Agora começou o jogo da ilusão. Jaimini estava sentado em silêncio mas sua mente ia para essa jovem senhora e sua beleza. Ele pensou com seus botões: “Seria bom passar a noite solitária convesando com ela. Assim ele bateu na porta e disse-lhe que estava frio fora e que seria bom ficar dentro.

Ela protestou, mas Jaimini forçou a entrada. Ele tentou falar com ela e olhava constantemente para ela, o que a desgostou. Lentamente seus sentidos cresciam poderosamente e ofuscavam sua consciência. Ele se aproximou dela e a tocou e lhe disse que ficassem juntos por uns momentos, para divertir-se e terem prazer.
 
Ela disse: "Você é um brahmachari, você não deveria pensar assim. Isso não está certo”. Cego de paixão ele tocou seus pés e pediu sua aprovação. Finalmente ela concordou, sob a condição de que ele se ajoelhasse como um cavalo. Então ela se sentaria em suas costas e ele daria sete voltas junto ao fogo sacrifical. Então poderia tê-la. Jaimini concordou. 
 
Enquanto Jaimini tentava andar como um animal com uma senhora sentada em suas costas, ela começou a murmurar o verso que Vyasa tinha ditado de manhã e que Jaimini tinha modificado: “Mesmo se os sentidos são poderosos, um homem de conhecimento não comete erro”. Ao escutar isso Jaimini se deu conta de sua própria fraqueza. Ele se levantou para deixá-la, porém seus dois fortes braços o agarraram e seguraram. Não eram os tentadores braços da jovem mas os braços de seu amado guru Vyasa.
 
Assim Vyasa ensinou a seu discípulo a verdade da vida e como estar sempre cuidadoso e atento em cada passo da vida. O guru transforma a vida do discípulo para torná-lo mais espiritual e mais precioso.

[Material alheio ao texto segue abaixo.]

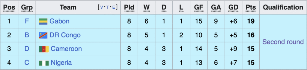 Sharp-eyed observers will notice that each team has only eight games in their total, not ten. Because Eriteria dropped out of the tournament, that left Group H with only five teams (instead of six). To ensure parity among the second-place teams, games against the last place team in each group were removed from the total.
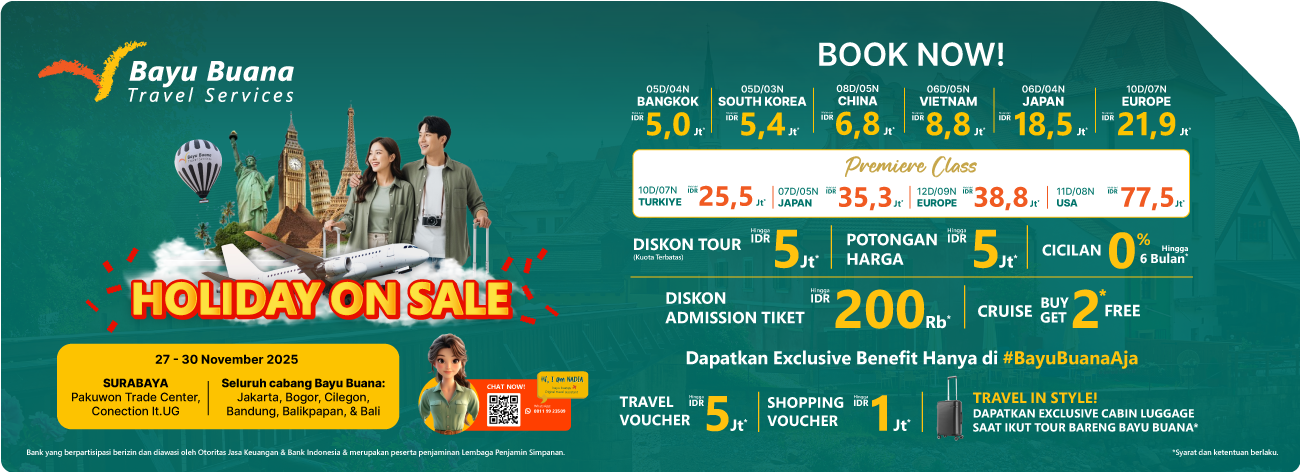Kamu juga bisa kunjungi cabang Bayu Buana terdekat atau chat NADIA sebelum liburan impianmu diambil orang lain🤩
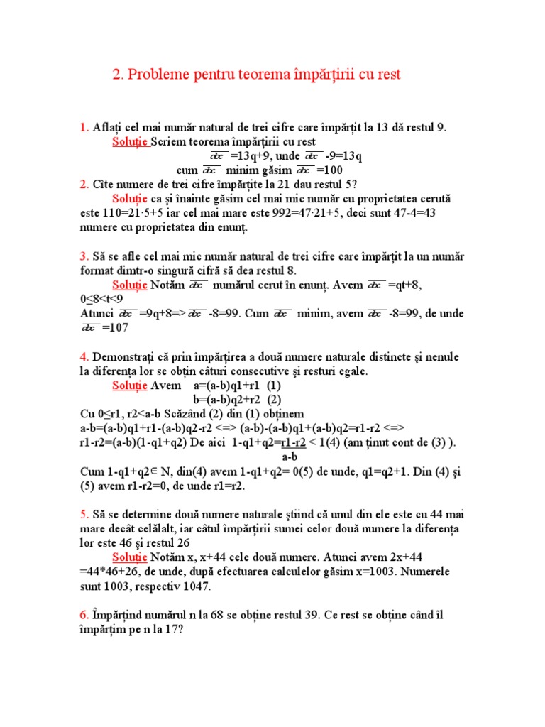 Exemplu 23 4 5rest3 unde d 23 î 4 c 5 r 3 0 3 4 23 4 5 3 adevărat. Deci ţinând cont că r 0 urmează că restul poate fi 1 2 3 sau 4. în această lecție vom învăța teorema impartirii cu rest și vom vedea cum poate fi aplicată această teoremă în rezolvarea problemelor. Probleme dificile in tratarea teoremei impartirii cu rest.
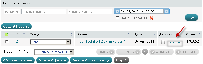 - Ще се отвори списък с поръчките в магазина Ви.

Que as bençãos de Deus, de Vyasa e de todos os mestres divinos caiam sobre a vida de cada buscador espiritual e lhe dê o poder de alcançar o objetivo da vida. Com abundância de paz, êxtase e alegria por ocasião de Guru Purnima, o Dia do Mestre. Deixe-nos oferecer a flor da devoção e do amor aos pés Divinos do Mestre e buscar sua orientação divina em cada passo de nossa vida.